Clause 3(1) contains four
interlinked and ranked statements of principle. The first asserts
that the youth criminal justice system is intended to promote the long-term
protection of the public by preventing crime, rehabilitating young offenders
so as to reintegrate them into the community, and ensuring there are meaningful
consequences to offences committed. The second set of principles
would establish that the youth criminal justice system is to be separate
from that of adults and must emphasize rehabilitation and reintegration,
fair and proportionate accountability, enhanced procedural protection,
timely intervention that reinforces the link between offending behaviour
and its consequences, and a promptness and speed in dealing with such
cases given young persons perception of time.
The third set of principles
would establish that, within the limits of fair and proportionate accountability,
the measures taken against young persons who commit offences should: reinforce
respect for community values; encourage repair of harm done to victims
and the community; be meaningful for the young person, given his or her
needs and level of development; respect gender, ethnic, cultural and linguistic
differences; and respond to the needs of young persons with special requirements.

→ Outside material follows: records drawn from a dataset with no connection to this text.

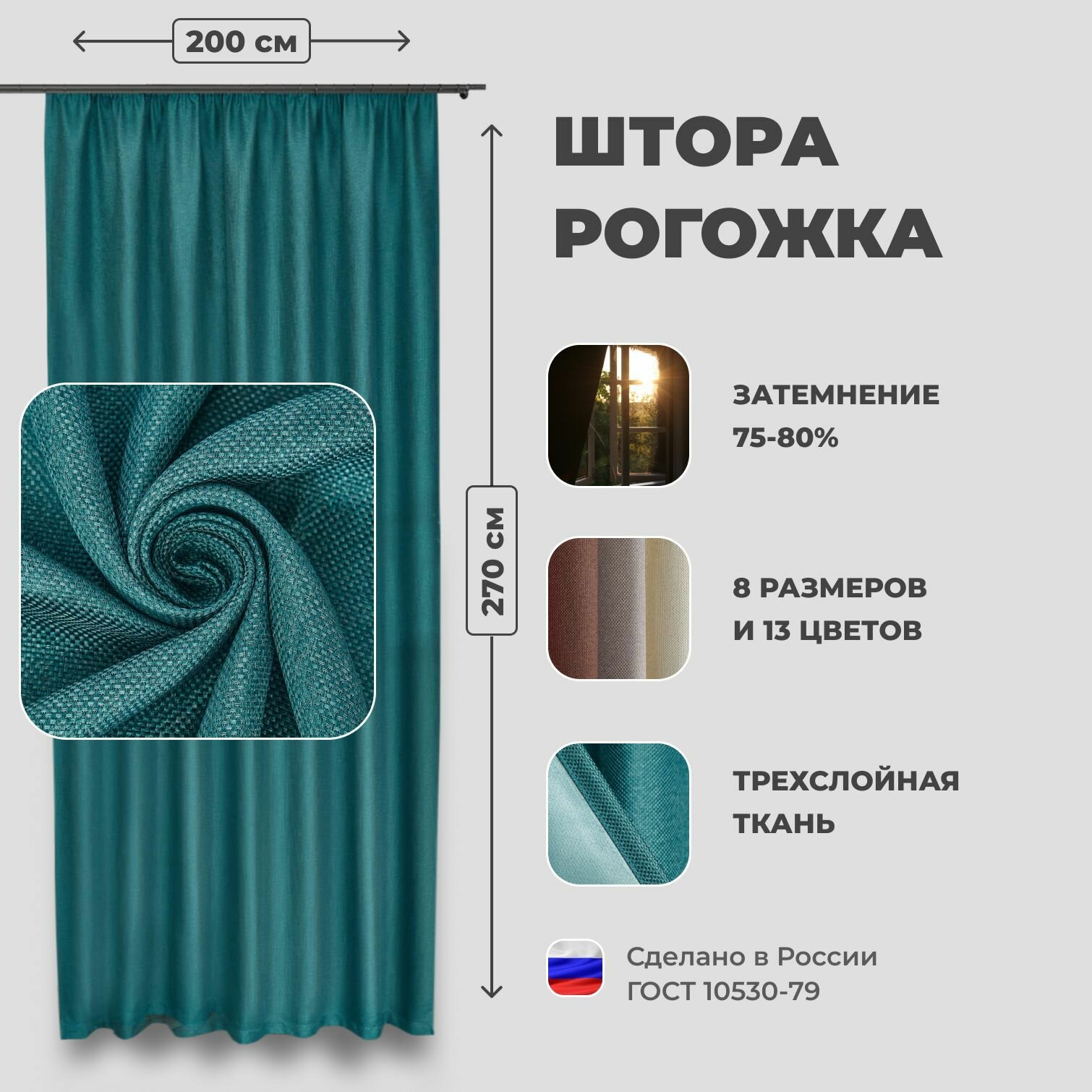 Отзывы на Штора для комнаты 200x270 см Блэкаут рогожка Shtoraland на ленте для крючков, одна портьера для гостиной, спальни, детской. Бирюзовый цвет
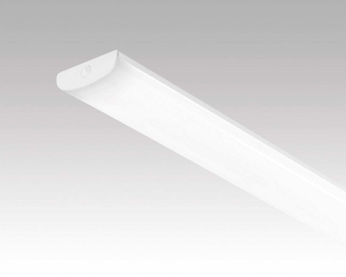 Stomme av vitlackerad aluzink, gavlar av slagtålig plast och kupa av opal linjeprismatisk akryl. Flexibelt montage dikt tak, på väggkonsol, armaturskena eller lina. Infästning c-c 900 respektive 1200 mm. Anslutning genom 13 mm knockouts i gavlarna och på armaturens ovansida. 5-polig snabbkopplingsplint med möjlighet till vidarekoppling monterad i mitten av armaturen.
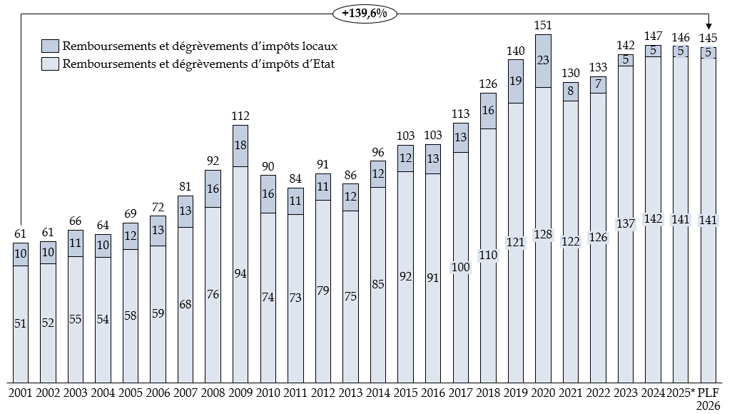En PLF 2026, les crédits évalués de la mission « Remboursements et dégrèvements » s'élèvent à 145,4 milliards d'euros, connaissant une légère baisse par rapport à la loi de finances initiale pour 2025 (- 1,9 %) et par rapport à la dernière estimation à date cette année-là (- 0,4 %).
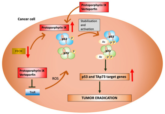 Repurposing porphyrins for improved cancer therapy. The low activity of ferrochelatase (FECH) in cancer cells leads to elevated levels of protoporphyrin IX (PpIX). High levels of PpIX sensitize malignant cells to exo-PpIX and Verteporfin, which bind to p53 and TAp73, stabilize the proteins, and induce p53- and TAp73-dependent transcriptional activity and apoptosis. Inhibition of thioredoxin reductase (TrxR) by PpIX and Verteporfin generates ROS and amplifies p53-dependent and TAp73-dependent apoptosis in cancer cells.
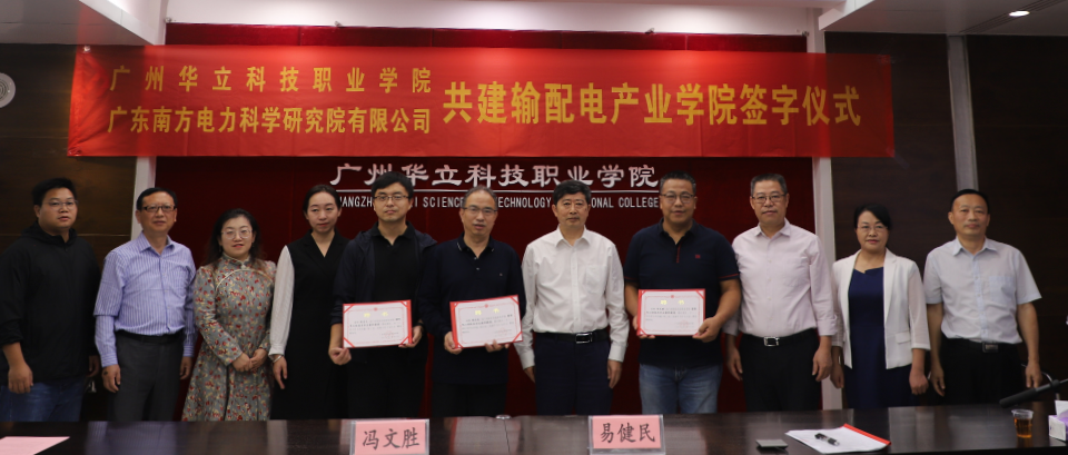 在10月18日下午,广州华立科技职业学院与广东南方电力科学研究院有限公司合作共建“输配电产业学院”签字仪式,在职院行政楼305举行。参加这次签字仪式的有广东南方电力科学研究院有限公司冯文胜董事长、培训中心蚁毓菁主任、周志良技术主任、吕少锋主任助理、广州华立科技职业学院校长易健民教授、副校长陈显强教授、教务处吴青峰处长、产教融合办刘宇赤主任、校企处钟文浩处长、电力与智能制造学院王秀敏院长、产教融合办陈茜副主任。签字仪式由陈显强副校长主持。
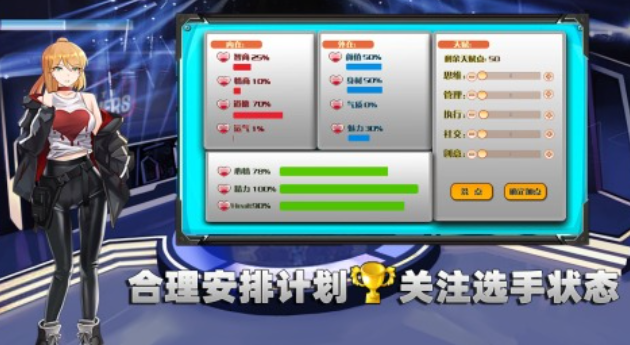 游戏中的美女电竞队是菜鸟级别的……作为电竞经理的你必须重振旗鼓帮助战队磨炼,不断参加比赛磨炼技术才有机会夺冠,你可以跟这些美少女电竞选手交流交互,并合理规划一些锻炼计划强化电竞实力,简陋的基地也可以尽情翻修焕然一新,不断向强大战队发起挑战会让大家领悟不屈不挠的精神,一起在电竞环境中强化自己的操作技巧吧。

The final set of principles would establish that special considerations
apply in respect of proceedings against young persons; more specifically:
that young persons have rights and freedoms in their own right;
that victims should be treated with courtesy, compassion, and respect;
that victims should be provided with information; and that parents should
be kept informed and encouraged to support their children in addressing
their offending behaviour.
Many of these same principles
can be found in section 3(1) of the YOA, except that the new Declaration
of Principle in clause 3(1) of the bill attempts to organize the principles
into appropriate themes and provides for some sort of hierarchy within
each theme.
Overall, the proposed new
Declaration of Principle appears to reflect a shift away from considerations,
such as societys denunciation of offending behaviour, and the short-term
protection of the public from offenders, that tend to favour custodial
dispositions for young offenders. In general, the new Declaration
of Principle proposed in clause 3(1) of the bill is consistent with the
recommendations of the House of Commons Justice and Legal Affairs Committee
in its 1997 report.(2)
The other major difference
from the current Declaration of Principle in the YOA would be the addition
in clause 3(1)(d) of references to the needs, interests and role of victims
in the youth justice system.
Like section 3(2) of the
current Act, clause 3(2) of the bill would require that the legislation
be liberally construed in accordance with the Declaration
of Principle.
B. Part 1:
Extrajudicial Measures
1. Introduction
Part 1 of Bill C-3 deals
with extrajudicial measures, the proposed new term for what
are currently known as alternative measures under the YOA,
whereby young persons can be held accountable for their offending behaviour
without proceeding with a formal charge through the courts. Out-of-court
responses, such as police warnings, cautioning, referral to community
programs, apologies to victims, acknowledgement and reparation of damage,
and community service work, are seen as providing more meaningful consequences
for much youth crime, as well as being faster and less costly than interventions
through the formal court system. Moreover, providing for such non-judicial
alternatives is in keeping with Canadas obligations under the United
Nations Convention on the Rights of the Child (see article 40(3)(b)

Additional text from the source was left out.